Dataset extract:
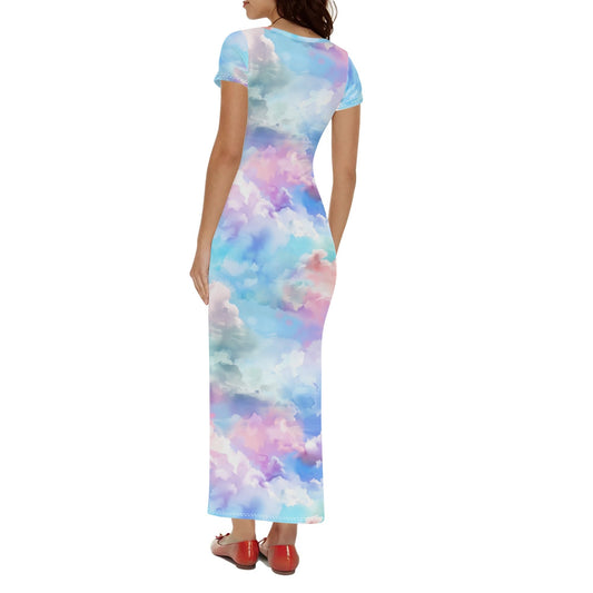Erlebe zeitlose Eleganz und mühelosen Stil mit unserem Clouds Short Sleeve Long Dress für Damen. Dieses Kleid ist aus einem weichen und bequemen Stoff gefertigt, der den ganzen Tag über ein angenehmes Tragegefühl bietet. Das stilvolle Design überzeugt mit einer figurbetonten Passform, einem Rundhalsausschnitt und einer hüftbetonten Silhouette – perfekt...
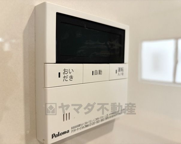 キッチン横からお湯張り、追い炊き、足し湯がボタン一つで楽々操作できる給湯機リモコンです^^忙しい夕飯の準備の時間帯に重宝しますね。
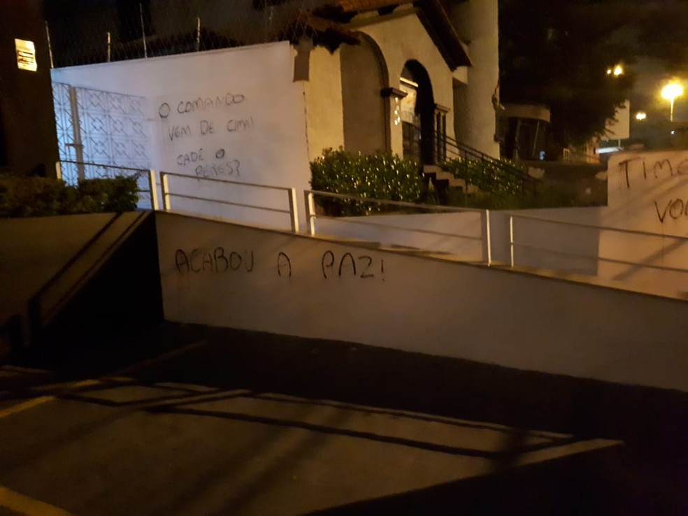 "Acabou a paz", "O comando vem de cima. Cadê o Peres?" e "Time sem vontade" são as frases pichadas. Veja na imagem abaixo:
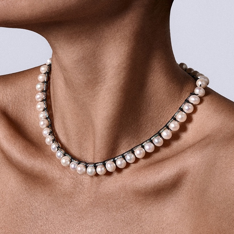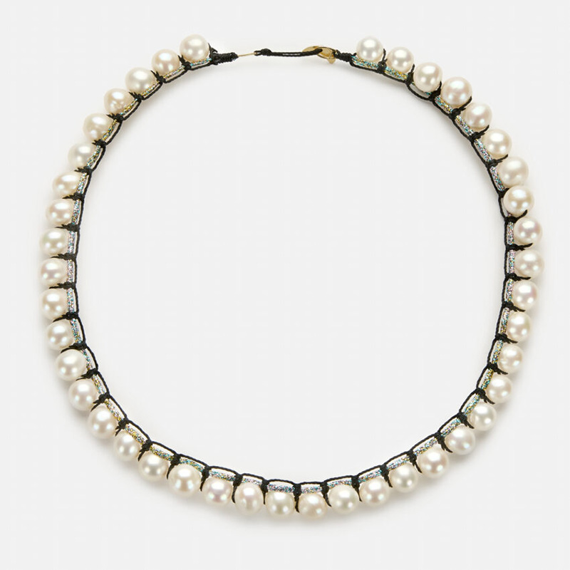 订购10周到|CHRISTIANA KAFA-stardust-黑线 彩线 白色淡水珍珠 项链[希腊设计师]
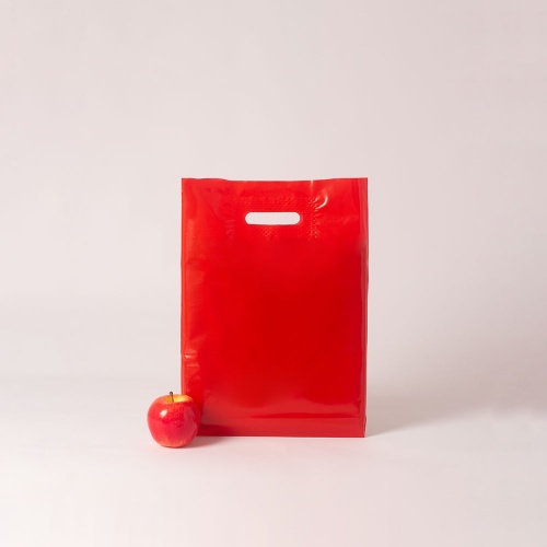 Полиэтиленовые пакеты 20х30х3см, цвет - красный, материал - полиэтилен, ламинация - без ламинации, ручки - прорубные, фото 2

Assigned task: Exactly the lines from the one with "订购10周到|CHRISTIANA KAFA-stardust-黑线 彩线" through the end of the listing above are to be repeated, with no pictures.

Exercise answer:
 订购10周到|CHRISTIANA KAFA-stardust-黑线 彩线 白色淡水珍珠 项链[希腊设计师]
 Полиэтиленовые пакеты 20х30х3см, цвет - красный, материал - полиэтилен, ламинация - без ламинации, ручки - прорубные, фото 2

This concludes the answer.